権威を授けられた12使徒
野田信行牧師
新しい年となりました。昨年も色々なことがありましたが、今年も神にあってどんな年になるか楽しみです。
さて主イエスはイスラエルの人々の姿を「群衆が飼う者のない羊のように弱り果てて、倒れている」(9:36)と見られました。人々は二千年前も今も余り変わりはありません。そこで主イエスは、収穫の主に願って、収穫の働き人を送り出して頂くよう弟子たちに指示されました。弟子たちは祈りの中で、もしも自分が働き人として主に呼ばれるなら、つかわして頂こうという思いを与えられていたことでしょう。

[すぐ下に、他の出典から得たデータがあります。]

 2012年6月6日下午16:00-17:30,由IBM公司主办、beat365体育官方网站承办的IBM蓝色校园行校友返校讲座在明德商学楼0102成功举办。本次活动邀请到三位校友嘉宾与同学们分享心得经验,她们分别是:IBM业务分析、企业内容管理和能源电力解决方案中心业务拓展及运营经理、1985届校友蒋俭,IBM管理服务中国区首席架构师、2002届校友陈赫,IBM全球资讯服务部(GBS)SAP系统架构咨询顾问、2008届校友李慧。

神が人をある使命に導かれる時には、その人に必要な賜物・権威は神が授けられます。主イエスは人に責任だけを負わされて、後は自分で努力して成長しなさいと言われるお方ではありません。主イエスは「わたしのくびきは負いやすく、わたしの荷は軽いからである」(11:30)と言われます。ですから神に導かれる時には、私には賜物が無いから出来ないのではと心配する必要はありません。
賜物は原語のギリシャ語ではカリスで、恵みのカリスと同じ語根です。賜物は神の祝福である恵みによって与えられるものです。主イエスはご自身と同じことを12使徒が行うために、「汚れた霊を追い出し、あらゆる病気、あらゆるわずらいをいやす権威をお授けになった」(マタイ10:1)。

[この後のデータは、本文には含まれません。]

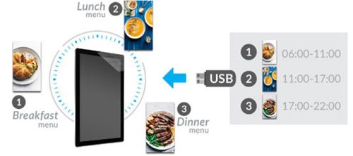 Deze software maakt het mogelijk om verschillende beeldinhoud op bepaalde tijden van de dag weer te geven, voor een restau- rant zou u bijvoorbeeld ontbijtmenu’s kunnen weergeven in de ochtend, lunchmenu’s in de namiddag en diner menu’s in de avond. U kunt ook de beeldduur, overgangen en effecten instellen met behulp van deze software.

12使徒の12という数字は旧約の神の民であるイスラエル12部族を引継ぐのは、12使徒であることを表しています。そして、12使徒の役割は今や拡大して主イエスの弟子たちである私たち全てに及びます。
12人の名前が記されていますが、実に様々な人たちです。マルコ6:7によると二人ずつ組でつかわされますので、ここで二人ずつ組で書かれている名前が、つかわされる組であったと考えられます。初めの二組は兄弟同士であり、3組目のピリポとバルトロマイ(ナタナエル)はヨハネ1:45によると友達同士のようです。しかし4組目の疑い深いトマスと主イエスに招かれて喜んで弟子になった細かい性格の元取税人マタイは、人間的に見ると結構大変な組合せだったのではないかと思います。最後の熱心党のシモンとイスカリオテのユダに至っては本当に大変な組合せです。

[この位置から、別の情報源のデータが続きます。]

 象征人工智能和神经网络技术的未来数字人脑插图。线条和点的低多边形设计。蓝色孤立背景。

私たちは色々な問題に直面しますが、その多くは人間関係です。なぜ自分はこのような理不尽な人間関係で生活して、悩まなければならないのかと思わされることがあります。しかしどんな環境であっても全ての人が立ち上がることが出来るように、主は信じる弟子たちに主と同じ権威を授けてくださっています。そして主の御心によって私たちはつかわされます。主が授けてくださった権威を感謝して、今年一年もつかわして頂きましょう。